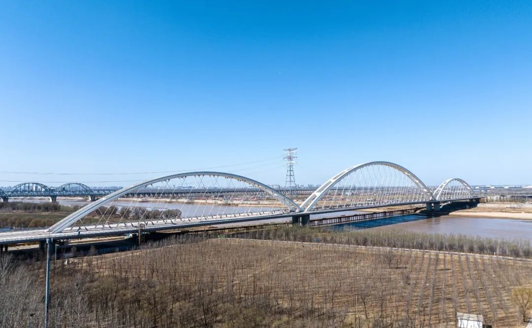 濟南黃河齊魯大橋位于濟南市槐蔭區、天橋區,路線南起齊魯大道與濟齊路交叉口,接現狀齊魯大道,依次跨越美里路、北太平河北路、濟廣高速,經過鄭家店村東,跨越黃河后,終點位于G309交叉處。項目全長6742米,按照雙向八車道一級公路標準建設,兼顧城市主干路功能,設計速度60公里/小時,主橋范圍為公軌合建的橋梁形式,中間預留城市軌道交通空間。主橋采用網狀吊桿系桿拱橋,主跨420米,工程建成后將成為同類橋型跨徑世界第一。
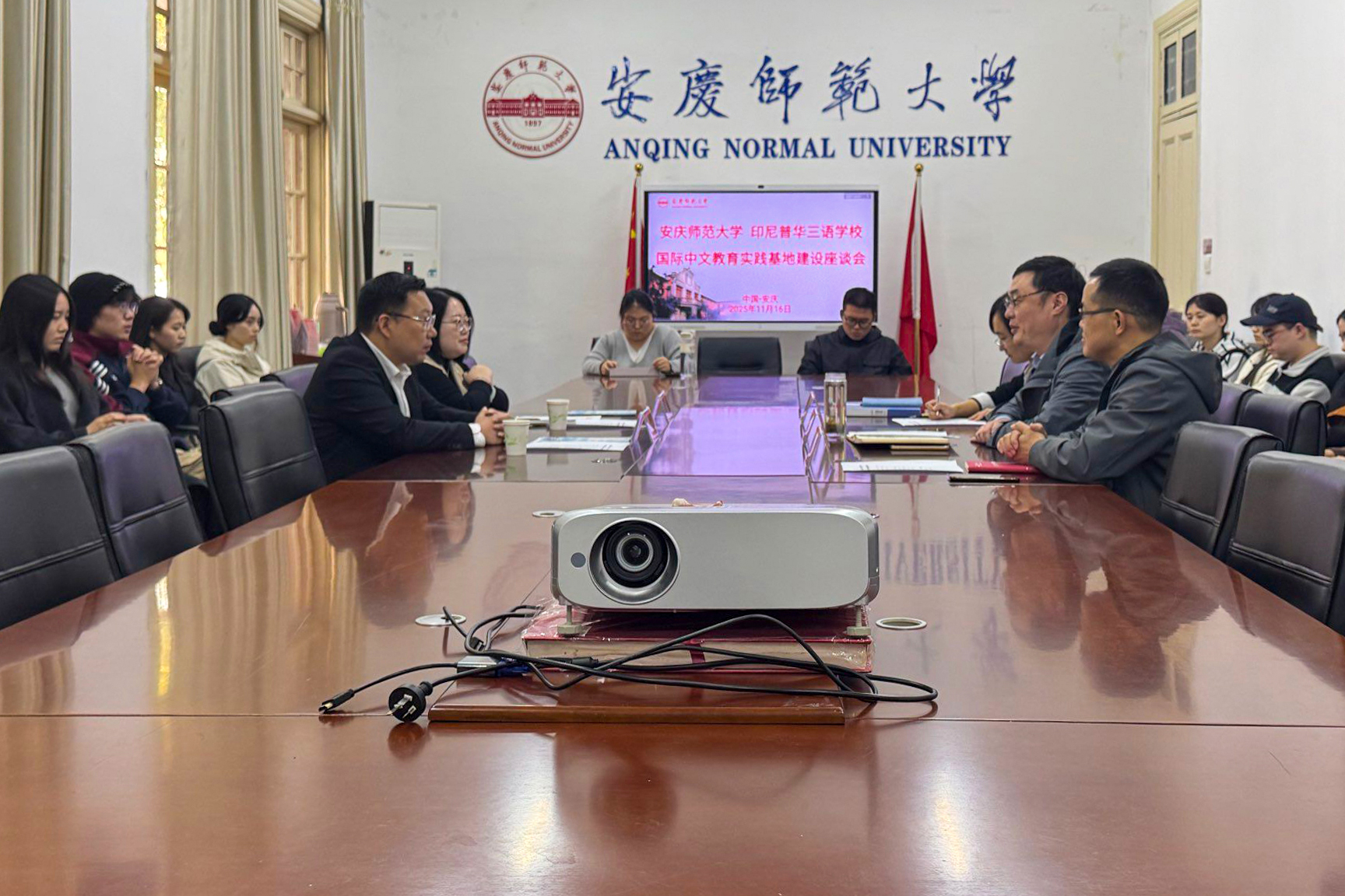 11月16日,我校与印度尼西亚普华三语学校在菱湖校区举行国际中文教育实践基地建设座谈会。beat365英国官方网站党委书记王波,副院长沈志富、张莹,印尼普华三语学校校长陈韬等出席会议,我校国际中文教育专业硕士学位点研究生、部分汉语国际教育专业本科生参与交流。
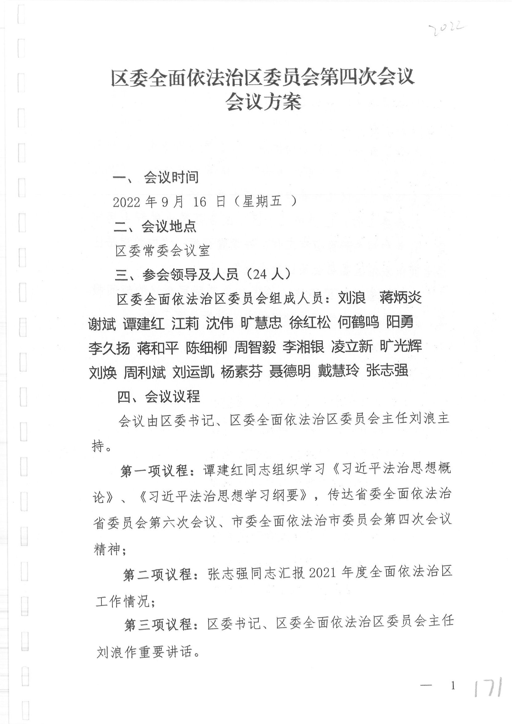 区委全面依法治区委员会第四次会议方案
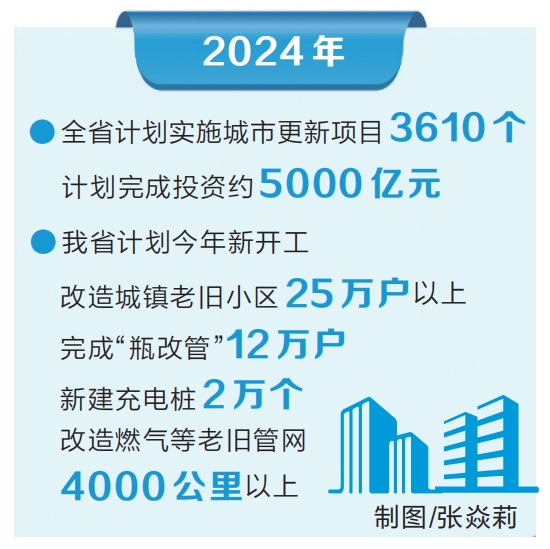 聚焦群眾“急難愁盼”等突出問題,我省堅持項目為王,科學謀劃實施城市更新項目。針對“一主兩副”重點城市和城市生命線安全工程、老舊小區(qū)改造、地下管網改造等重點領域,完善城市更新項目庫,強化項目監(jiān)測調度,穩(wěn)步推動項目落地見效。我省計劃今年新開工改造城鎮(zhèn)老舊小區(qū)25萬戶以上、完成“瓶改管”12萬戶、新建充電樁2萬個,改造燃氣等老舊管網4000公里以上。
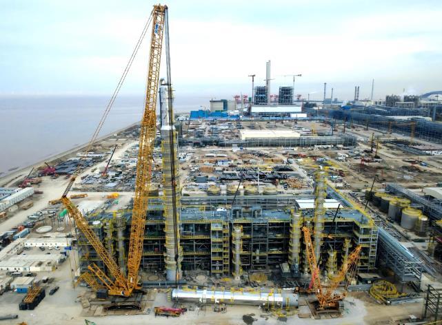 中国化学工程十六化建浙石化高端新材料己二酸项目第一高塔精准就位!中国化学工程十六化建浙石化高端新材料己二酸项目第一高塔精准就位!中国化学工程十六化建浙石化高端..
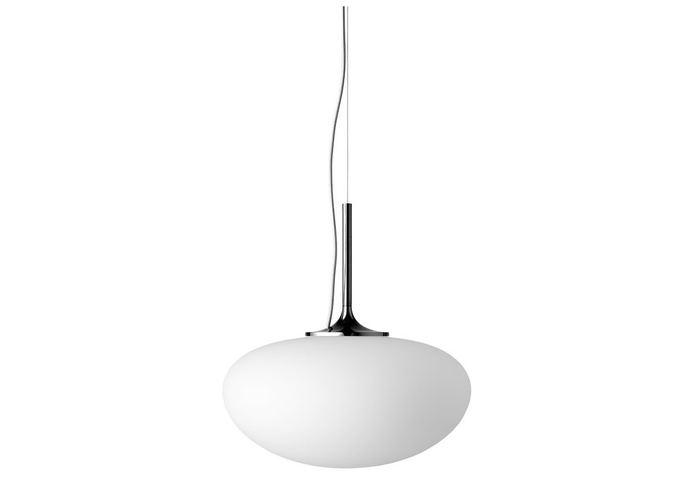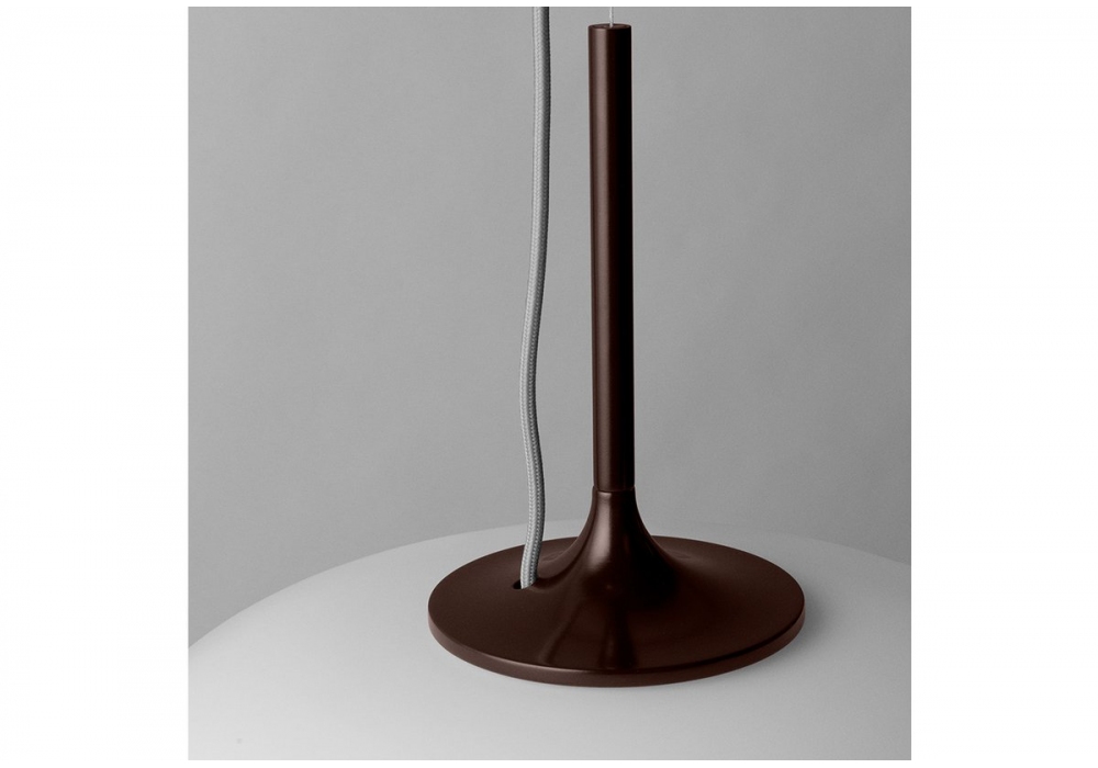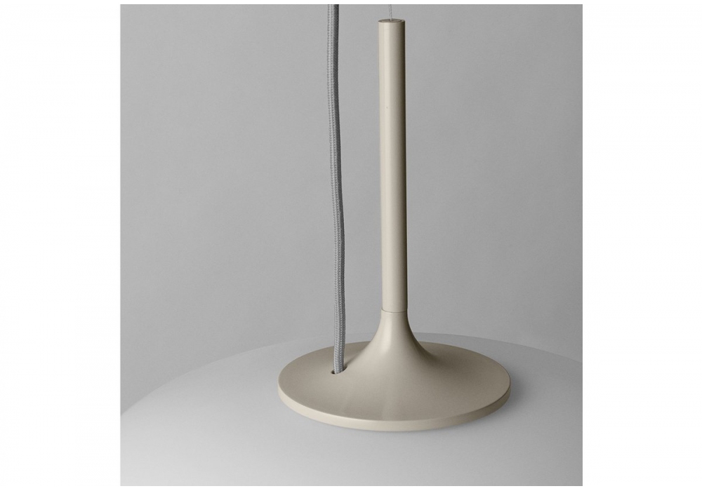 Stemlite conçue par Bill Curry pour Gubi est une suspension composée d'une tige en métal et d'un abat-jour en verre dépoli.

> [EXERCISE PROMPT]
Copy exactly the lines of the listing above between the one holding "11月16日,我校与印度尼西" and the one holding "区委全面依法治区委员会第四次会议方案", inclusive; omit all pictures.

> [EXERCISE ANSWER]
 11月16日,我校与印度尼西亚普华三语学校在菱湖校区举行国际中文教育实践基地建设座谈会。beat365英国官方网站党委书记王波,副院长沈志富、张莹,印尼普华三语学校校长陈韬等出席会议,我校国际中文教育专业硕士学位点研究生、部分汉语国际教育专业本科生参与交流。
 区委全面依法治区委员会第四次会议方案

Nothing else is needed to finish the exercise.